About this task: In the records below, find the line with "Figure 3: Almost" and repeat it and every line after it, exactly, without any pictures.

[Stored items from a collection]
+---+

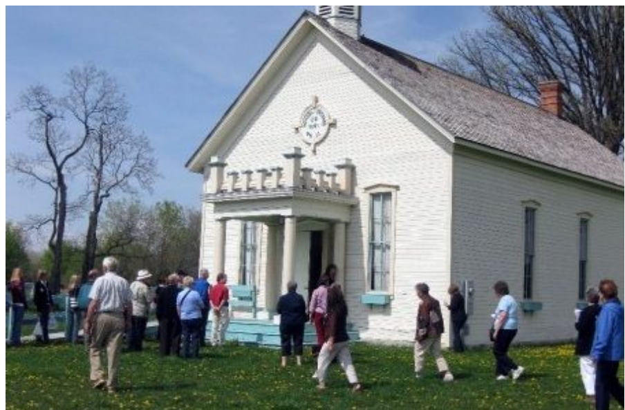
School house at Buxton National Historic Site

For a full schedule of the 100th Buxton Homecoming, click here.
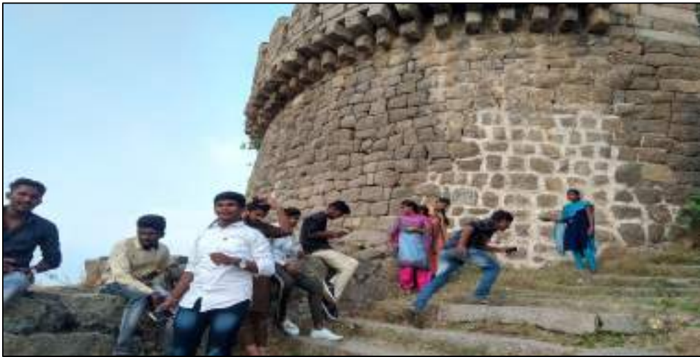
Students eagerly Trecking fort
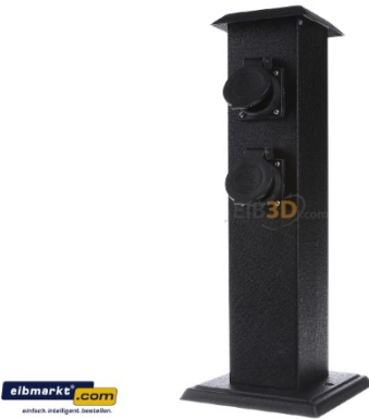
Image No. 2 Black Outlet Receptacle Pedestal
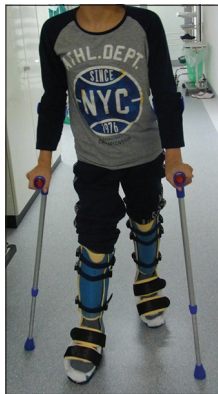
Figure 3: Almost normal and pain free gait with KOFA-orthosis 18 days after surgery

plantar hyperkeratosis (keratoderma). In the present case, however, they were of out of benefit. The disease affects normal physical development in children and adolescents and impairs psychological well being.
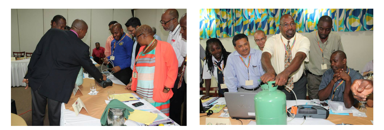
Please Visit our facebook page to view additional photos.( www.facebook.com/nou.grenada)

+---+

Result of the exercise:
Figure 3: Almost normal and pain free gait with KOFA-orthosis 18 days after surgery

plantar hyperkeratosis (keratoderma). In the present case, however, they were of out of benefit. The disease affects normal physical development in children and adolescents and impairs psychological well being.
Please Visit our facebook page to view additional photos.( www.facebook.com/nou.grenada)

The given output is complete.